All four songs are united by one hero. The image of Childe Harold entered the world literature as an image of a completely new hero, whom literature had not yet known. It embodies the most characteristic features of the enlightened part of the younger generation of the Romantic era. Byron himself stated that he wanted to show his hero “the way he is” at this time and in this reality, although “it would be nicer

and probably easier to portray a more attractive face.”

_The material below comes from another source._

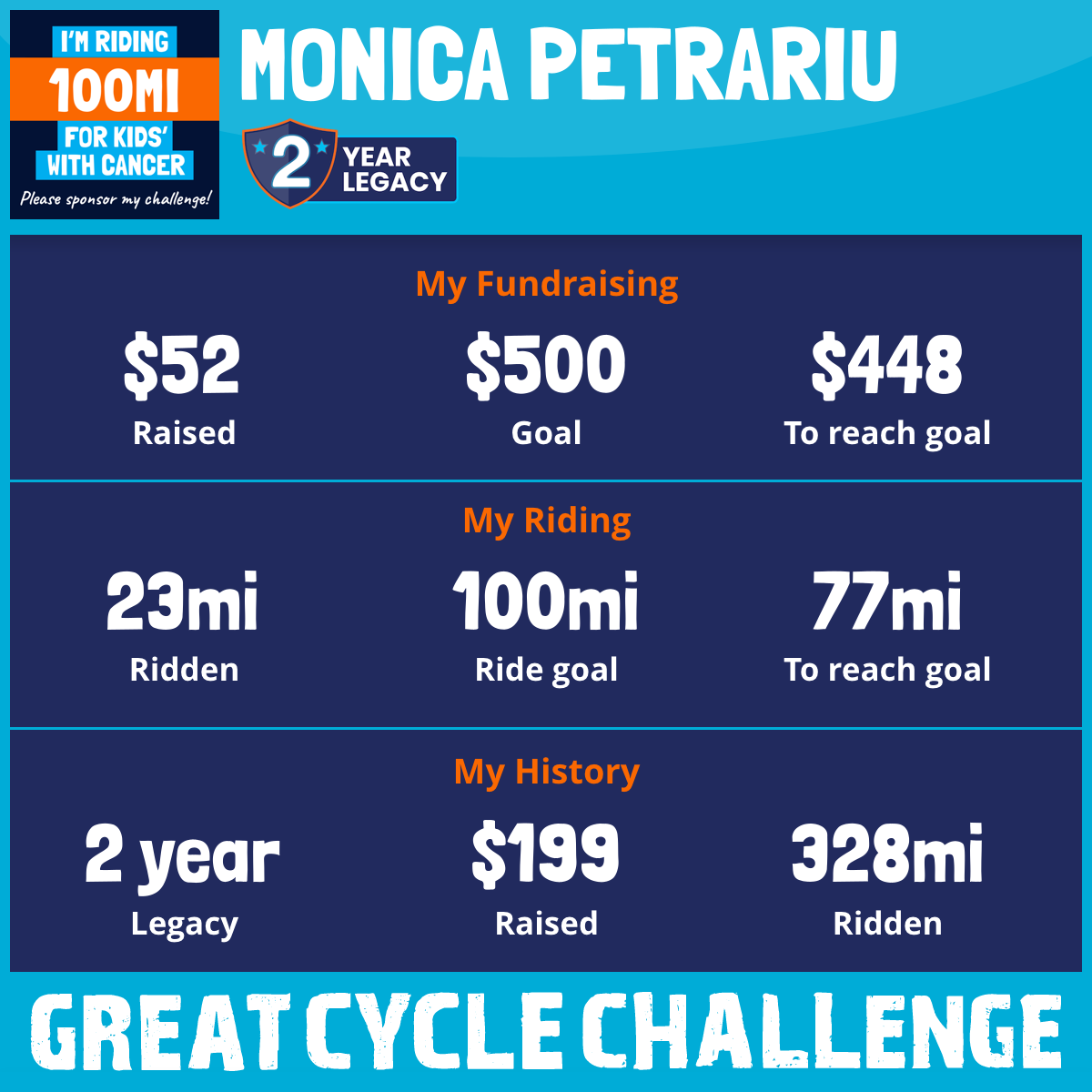 I am riding 100 mi to fight kids' cancer and save little lives. Please sponsor me to support my challenge!

Who is the “pilgrim” Childe Harold? Already at the beginning of the poem the author presents his hero:

A young man lived in Albion. His age
He dedicated only to idle entertainment
In crazy thirst for joy and nig…

It is the offspring of an ancient and once glorious family. It would seem that he should be satisfied with life and happy. But unexpectedly for himself, “in the heyday of the life of May,” he falls ill with a “strange” disease:

There was talk of satiety in him,
The disease of the mind and heart is fatal,
And it seemed like a vile all around:
Prison – homeland, grave – father’s house…

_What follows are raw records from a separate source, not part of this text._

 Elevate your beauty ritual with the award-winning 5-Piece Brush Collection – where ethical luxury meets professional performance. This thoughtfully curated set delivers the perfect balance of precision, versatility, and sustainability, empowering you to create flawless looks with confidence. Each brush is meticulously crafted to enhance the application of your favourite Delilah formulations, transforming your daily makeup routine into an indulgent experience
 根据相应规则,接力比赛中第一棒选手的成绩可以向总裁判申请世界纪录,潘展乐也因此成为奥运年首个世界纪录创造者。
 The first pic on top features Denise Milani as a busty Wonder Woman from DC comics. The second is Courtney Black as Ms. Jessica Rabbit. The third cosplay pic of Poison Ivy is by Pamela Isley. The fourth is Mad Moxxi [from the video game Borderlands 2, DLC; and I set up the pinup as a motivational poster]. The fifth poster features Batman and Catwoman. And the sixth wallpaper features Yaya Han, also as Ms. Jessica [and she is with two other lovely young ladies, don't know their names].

Harold is eager for strangers, unknown to him, he craves change, danger, storms, adventures – anything, just to get away from what he was disgusted with:

The inheritance, the house, the patrimonial estates, the
lovely ladies whose laughter he loved so much…
He exchanged for the winds and fogs,

/> For the roar of the southern waves and the barbaric countries.

The new world, the new countries gradually open their eyes to a different life full of suffering and disasters and so far from its former secular life. In Spain, Harold is no longer that secular dandy, as he described at the beginning of the poem. The great drama of the Spanish people, forced to choose between “obedience or the grave,” fills it with anxiety, hardens the heart. At the end of the first song is a moody, disillusioned man in the world. He is burdened by the whole way of life of an aristocratic society, he finds no sense either in the earthly or in the afterlife, he is swearing and suffering. Such a hero, neither English nor European literature, did not yet know.

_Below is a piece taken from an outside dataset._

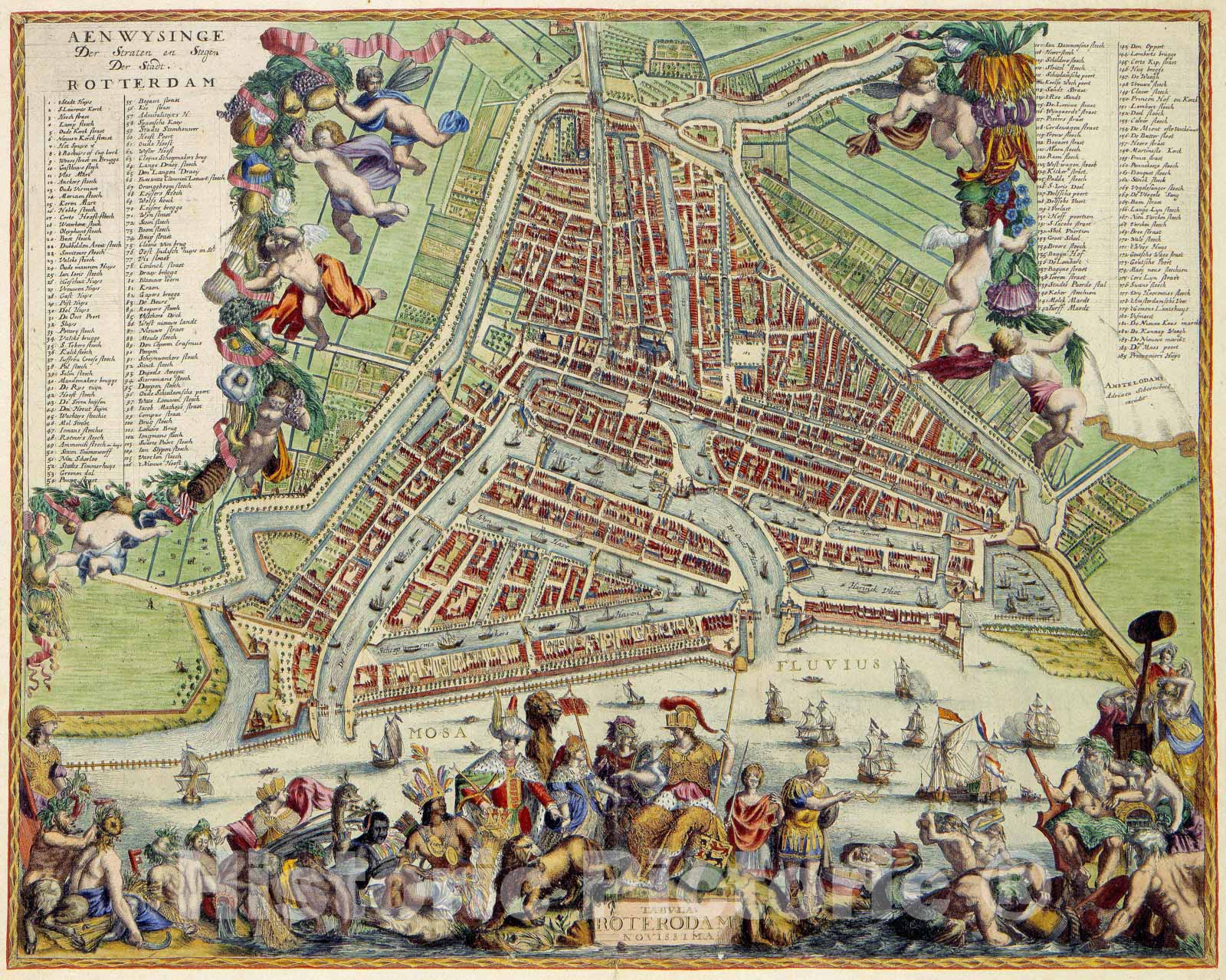 Historic Map - Aenwysinge Der Straten en Stegen Der Stadt Rotterdam/Tabula Roterodami Novissima/Plan of Rotterdam,Amsterdam by Carol Allard, 1690 - Vintage Wall Art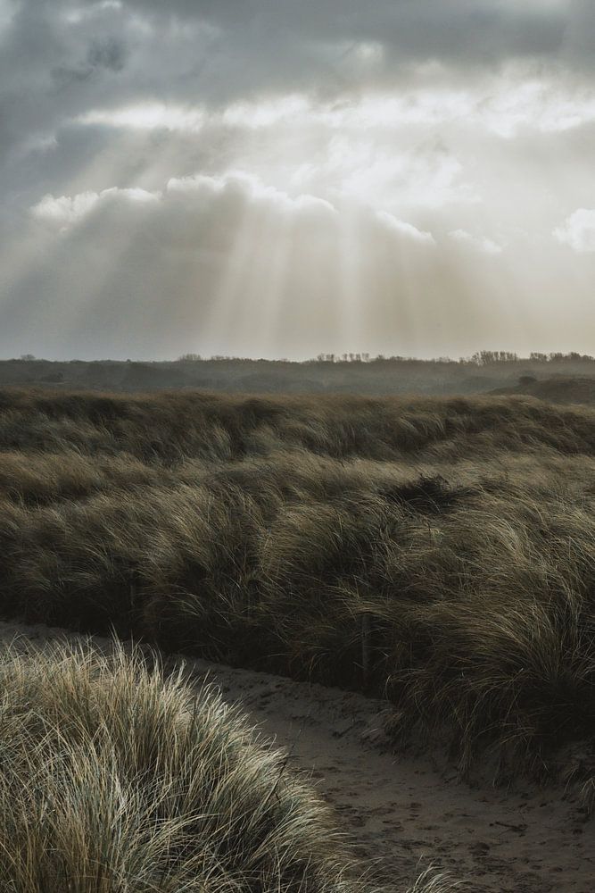 Buy this landscape artwork Dunes between Katwijk and Wassenaar with threatening skies by Dirk van Egmond on canvas, ArtFrame, poster and wallpaper, printed on demand in high quality.

However, already in the second chapter, after finding himself in the mountains of Albania, Harold, although still “desires is alien, careless”, but is already yielding to the beneficial influence of the majestic nature of this country and its people – proud, brave and freedom-loving Albanian mountaineers. In the hero, responsiveness, sincere generosity, and ever less dissatisfaction and longing in him are manifested. The soul of the misanthrope Harold begins to sort of recover.

After Albania and Greece, Harold returns to his homeland and plunges into a “whirlwind of secular fashion,” into “a swathe in the hall where the bustle is boiling,” He again begins to pursue the desire to flee from this world of empty vanity and aristocratic swagger. But now “his goal… is worthy than then.” Now he knows for sure that “among the desert mountains his friends”. And he “takes the pilgrim’s staff again” …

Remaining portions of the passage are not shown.